[WHAT THE TASK ASKS]
Below are entries with pictures among them; reproduce exactly, and only, the lines from the one containing "The upper and" down to the one containing "近日,深圳市海淇展示文化有限", without the pictures.

[GIVEN RECORDS]
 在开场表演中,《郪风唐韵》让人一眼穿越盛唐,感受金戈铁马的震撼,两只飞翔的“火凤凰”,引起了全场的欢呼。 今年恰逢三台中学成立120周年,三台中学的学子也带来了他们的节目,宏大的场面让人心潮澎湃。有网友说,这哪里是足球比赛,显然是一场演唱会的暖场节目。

* * *

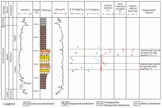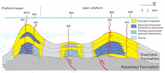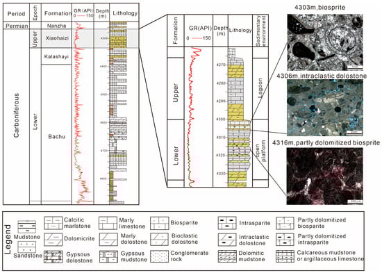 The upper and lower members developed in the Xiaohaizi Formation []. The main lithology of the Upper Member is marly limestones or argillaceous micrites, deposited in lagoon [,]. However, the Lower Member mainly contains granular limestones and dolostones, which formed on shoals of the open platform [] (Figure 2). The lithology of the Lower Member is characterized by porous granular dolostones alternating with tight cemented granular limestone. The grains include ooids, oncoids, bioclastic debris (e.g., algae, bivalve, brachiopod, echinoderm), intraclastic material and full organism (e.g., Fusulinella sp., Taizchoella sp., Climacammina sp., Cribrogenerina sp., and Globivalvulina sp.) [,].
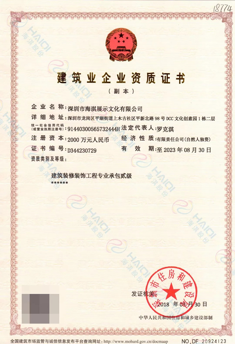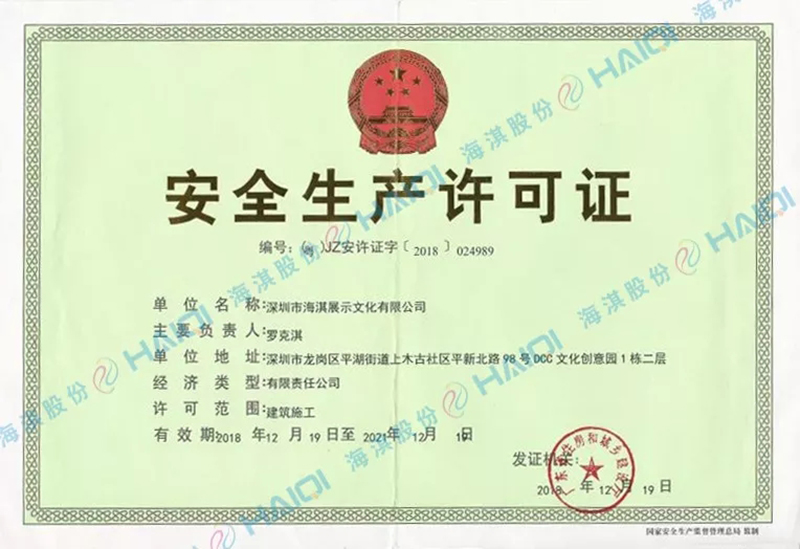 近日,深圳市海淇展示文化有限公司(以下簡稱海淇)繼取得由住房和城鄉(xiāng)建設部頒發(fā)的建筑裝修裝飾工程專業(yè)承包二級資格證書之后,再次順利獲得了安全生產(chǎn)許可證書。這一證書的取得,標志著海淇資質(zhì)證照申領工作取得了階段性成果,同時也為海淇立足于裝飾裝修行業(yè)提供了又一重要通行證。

[RESULT FOR THIS EXERCISE]
 The upper and lower members developed in the Xiaohaizi Formation []. The main lithology of the Upper Member is marly limestones or argillaceous micrites, deposited in lagoon [,]. However, the Lower Member mainly contains granular limestones and dolostones, which formed on shoals of the open platform [] (Figure 2). The lithology of the Lower Member is characterized by porous granular dolostones alternating with tight cemented granular limestone. The grains include ooids, oncoids, bioclastic debris (e.g., algae, bivalve, brachiopod, echinoderm), intraclastic material and full organism (e.g., Fusulinella sp., Taizchoella sp., Climacammina sp., Cribrogenerina sp., and Globivalvulina sp.) [,].
 近日,深圳市海淇展示文化有限公司(以下簡稱海淇)繼取得由住房和城鄉(xiāng)建設部頒發(fā)的建筑裝修裝飾工程專業(yè)承包二級資格證書之后,再次順利獲得了安全生產(chǎn)許可證書。這一證書的取得,標志著海淇資質(zhì)證照申領工作取得了階段性成果,同時也為海淇立足于裝飾裝修行業(yè)提供了又一重要通行證。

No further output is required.